Communication turns a group of workers into an organized crew. Ever since our cave-dwelling ancestors started using hand signals and birdcalls to corner a mammoth, we’ve been trying to perfect communication to achieve our goals faster and more efficiently.
We’re still working on it. Especially in the workplace.
Workplace communication now comes in a variety of form factors, including email, text, cell phone, instant messaging, radios, intercom, online collaboration tools, face to face, and hand signals. Nevertheless, poor communication is still responsible for most project failures.
Communication can always improve. Whether or not it does is a matter of urgency and technology. Often, if it’s not mission-critical it won’t get done. If a solution is too expensive or disruptive, it’s a non-starter. Regarding the mission-critical point: If you keep bumping into any of these seven signs, then you need to improve communication for your crew sooner rather than later.

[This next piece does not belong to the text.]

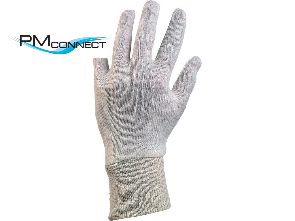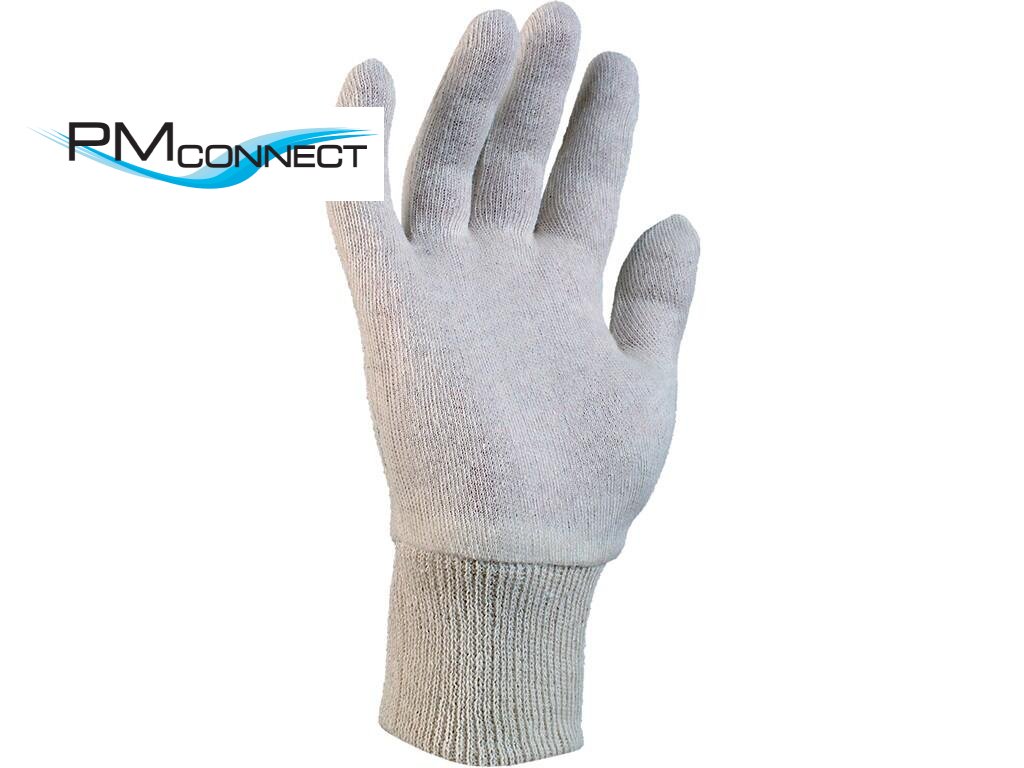 Textilní šité rukavice ze směsového režného úpletu s našitou pružnou úpletovou manžetou. Doporučené aplikace: skladování, manipulace s lehkým a drobným materiálem, vložka do jiných rukavic, lehká montáž.Doplňkové parametry

Sign #1: Interference Battles
There are two kinds of interference: visual and audio. Visual is when there’s a physical barrier between you and someone else trying to signal you. If you can’t see it, then you don’t get the signal.

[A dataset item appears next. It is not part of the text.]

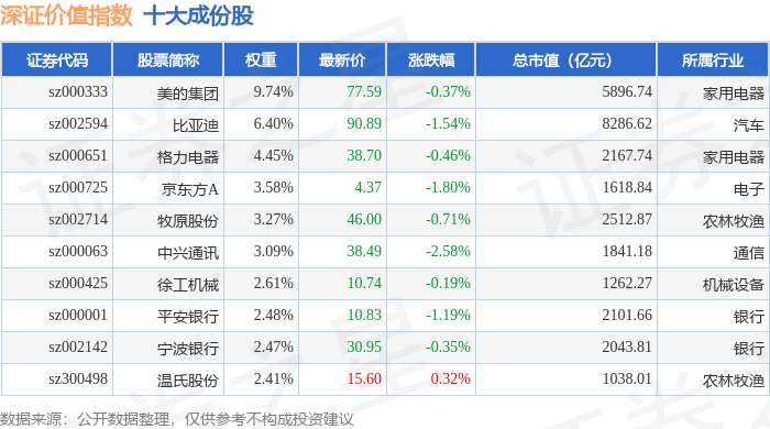 深证价值(399348)指数十大成份股详情如下:

Audio interference is more complex. If you rely on face-to-face communication, then environmental noise can interfere. You also have to factor in the distance between you and your crew.

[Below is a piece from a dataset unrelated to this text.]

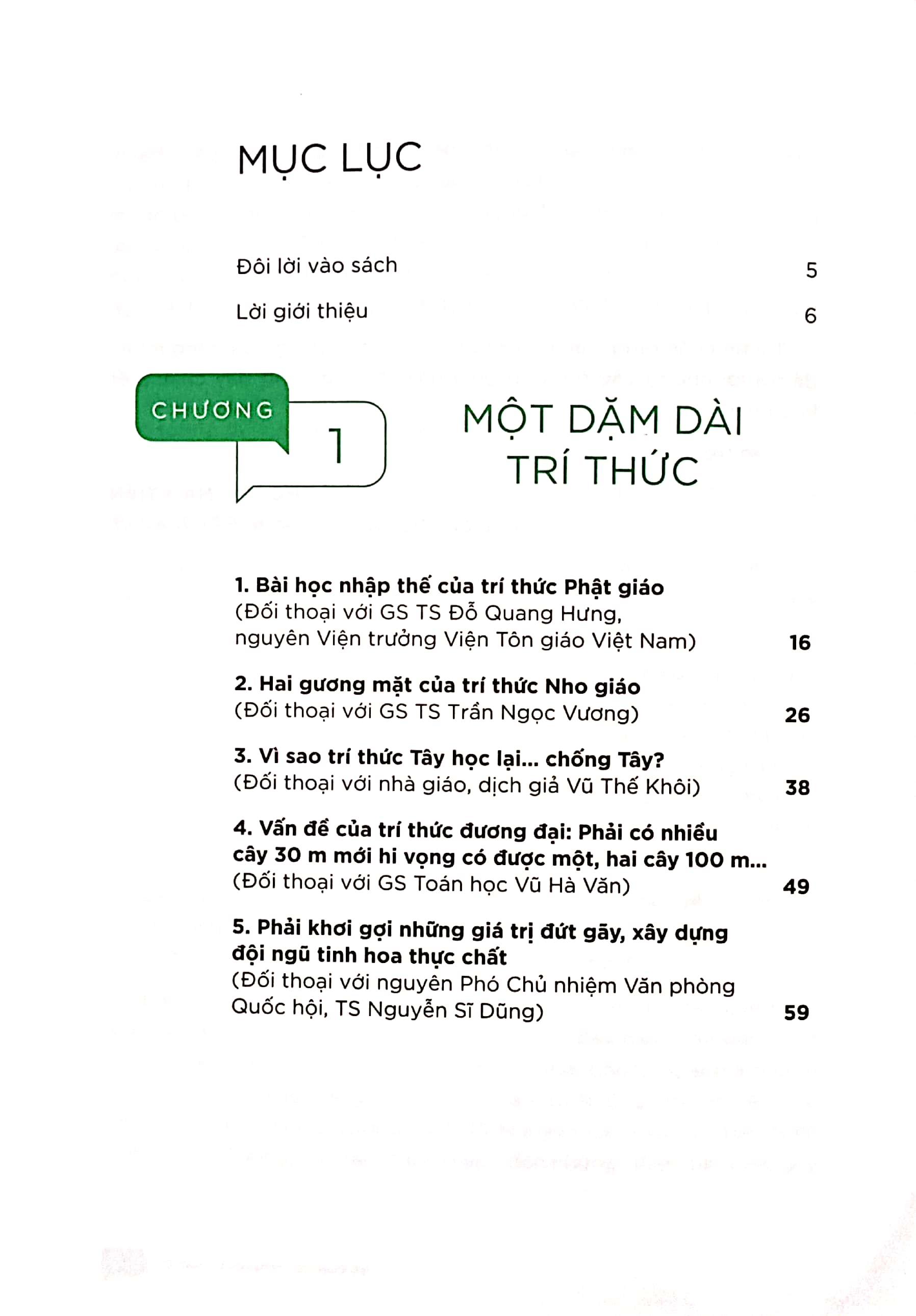 Câu trả lời chính là học hỏi kinh nghiệm và tiếp thu tri thức từ những bậc tiền bối đi trước. 39 Cuộc Đối Thoại Cho Người Trẻ là 39 câu chuyện, 39 tâm sự, 39 khắc khoải, 39 thông điệp muốn sẻ chia, được chắt lọc từ kinh nghiệm và vốn sống dạn dày của 39 trí thức trong những lĩnh vực khác nhau, thuộc nhiều thế hệ khác nhau. Tuy mỗi người theo đuổi một lĩnh vực tri thức khác nhau, nhưng tựu trung lại, tất cả đều bày tỏ niềm tin chân thành, da diết và đầy sức nặng.

If you rely on a two-way radio, then interference can result from a variety of issues, including broken antennas, cross talk, button mashing and narrowbanding. Mandated by the FCC to create additional channels, narrowbanding reduces frequency range and makes certain sounds indistinguishable, such as the high-frequency letters “s” and “f.” That kind of audio confusion can be frustrating and even dangerous.
If you rely on a Bluetooth-connected device, then you’re in competition with WiFi routers, security systems and, with the advent of the Internet of Things, refrigerators, cars, watches and just about any other product labeled as “smart.”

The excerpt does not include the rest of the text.